TASK TO CARRY OUT: Every line in the listing below from the one with "Ce week-end est" through the one with "Co přinesou tři" is to be reproduced exactly, both ends included; leave out the rest.

SUPPLIED RECORDS:
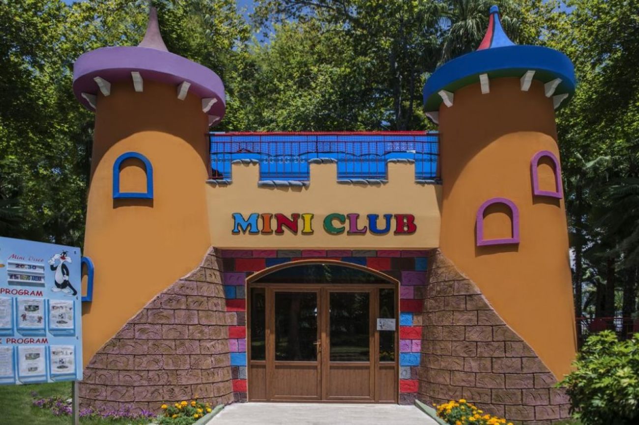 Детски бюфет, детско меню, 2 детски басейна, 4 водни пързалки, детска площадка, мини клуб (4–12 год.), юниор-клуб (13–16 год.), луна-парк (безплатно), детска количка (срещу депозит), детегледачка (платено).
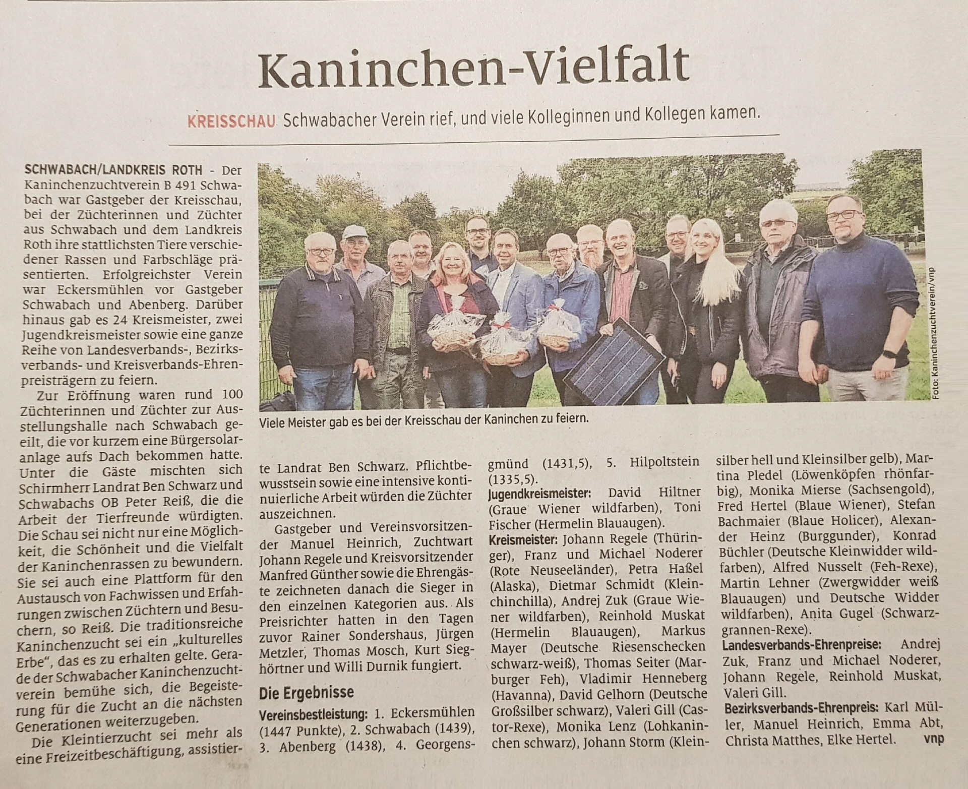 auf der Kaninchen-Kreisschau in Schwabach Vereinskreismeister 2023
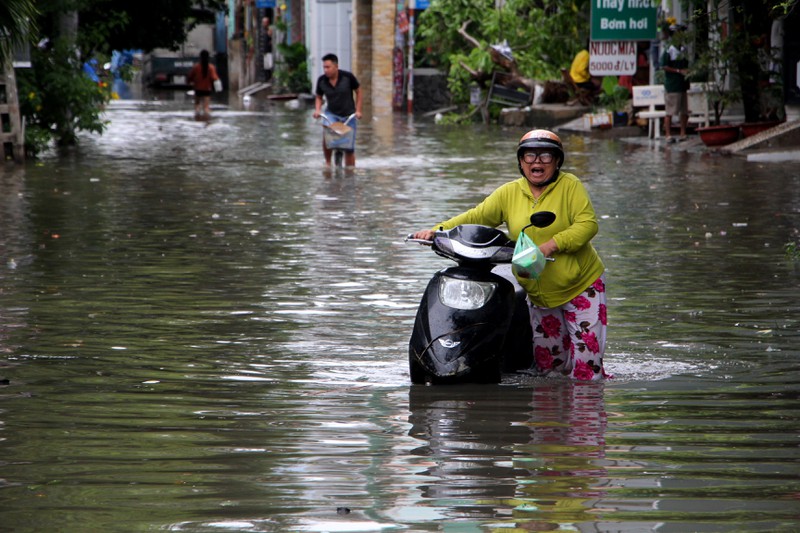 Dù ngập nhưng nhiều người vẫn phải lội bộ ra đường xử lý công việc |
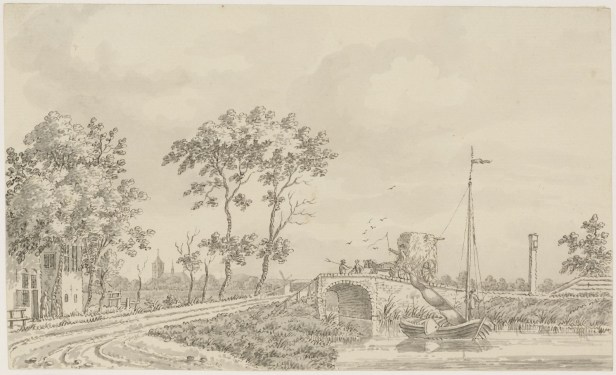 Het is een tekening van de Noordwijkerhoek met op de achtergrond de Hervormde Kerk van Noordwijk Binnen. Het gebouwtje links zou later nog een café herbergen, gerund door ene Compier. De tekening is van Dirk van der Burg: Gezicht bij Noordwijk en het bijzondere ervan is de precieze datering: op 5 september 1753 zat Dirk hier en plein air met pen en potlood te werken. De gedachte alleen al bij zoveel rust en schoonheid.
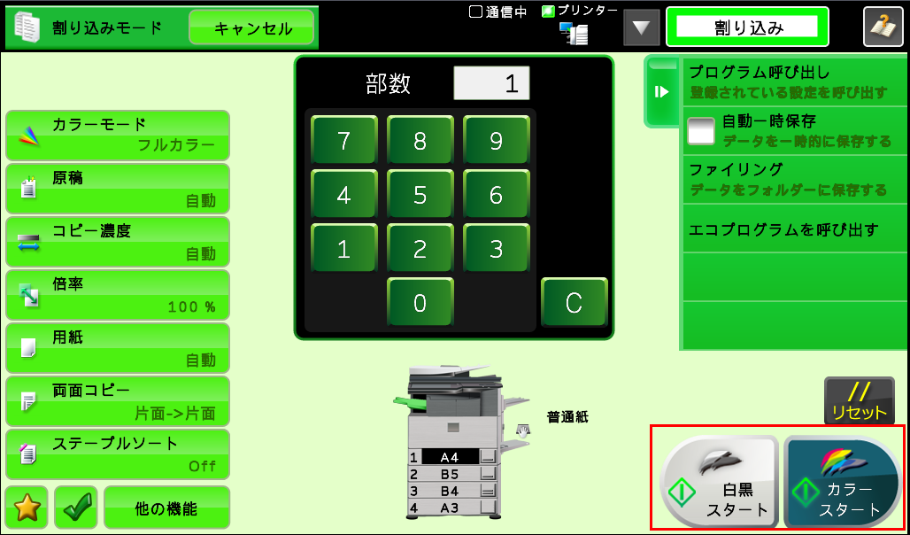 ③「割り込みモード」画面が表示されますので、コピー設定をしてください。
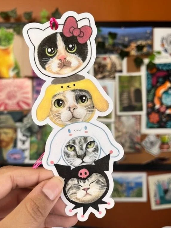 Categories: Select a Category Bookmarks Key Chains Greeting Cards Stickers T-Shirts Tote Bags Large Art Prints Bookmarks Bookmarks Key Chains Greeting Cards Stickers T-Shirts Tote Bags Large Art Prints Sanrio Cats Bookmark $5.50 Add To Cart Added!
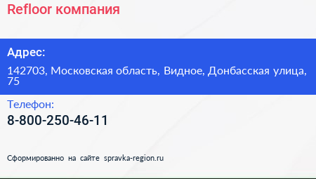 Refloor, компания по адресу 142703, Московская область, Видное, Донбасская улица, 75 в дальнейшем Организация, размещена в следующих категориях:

* * *

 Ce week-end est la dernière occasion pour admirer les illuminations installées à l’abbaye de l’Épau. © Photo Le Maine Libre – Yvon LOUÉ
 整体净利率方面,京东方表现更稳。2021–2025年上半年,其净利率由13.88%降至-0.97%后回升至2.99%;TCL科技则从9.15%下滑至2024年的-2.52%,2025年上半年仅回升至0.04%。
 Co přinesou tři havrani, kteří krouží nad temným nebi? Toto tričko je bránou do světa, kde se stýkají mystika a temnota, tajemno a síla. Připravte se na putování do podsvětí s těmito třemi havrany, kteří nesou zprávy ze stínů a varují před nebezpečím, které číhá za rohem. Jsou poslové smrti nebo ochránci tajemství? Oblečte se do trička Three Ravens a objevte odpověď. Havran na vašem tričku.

SOLUTION FOR THIS PROBLEM:
 Ce week-end est la dernière occasion pour admirer les illuminations installées à l’abbaye de l’Épau. © Photo Le Maine Libre – Yvon LOUÉ
 整体净利率方面,京东方表现更稳。2021–2025年上半年,其净利率由13.88%降至-0.97%后回升至2.99%;TCL科技则从9.15%下滑至2024年的-2.52%,2025年上半年仅回升至0.04%。
 Co přinesou tři havrani, kteří krouží nad temným nebi? Toto tričko je bránou do světa, kde se stýkají mystika a temnota, tajemno a síla. Připravte se na putování do podsvětí s těmito třemi havrany, kteří nesou zprávy ze stínů a varují před nebezpečím, které číhá za rohem. Jsou poslové smrti nebo ochránci tajemství? Oblečte se do trička Three Ravens a objevte odpověď. Havran na vašem tričku.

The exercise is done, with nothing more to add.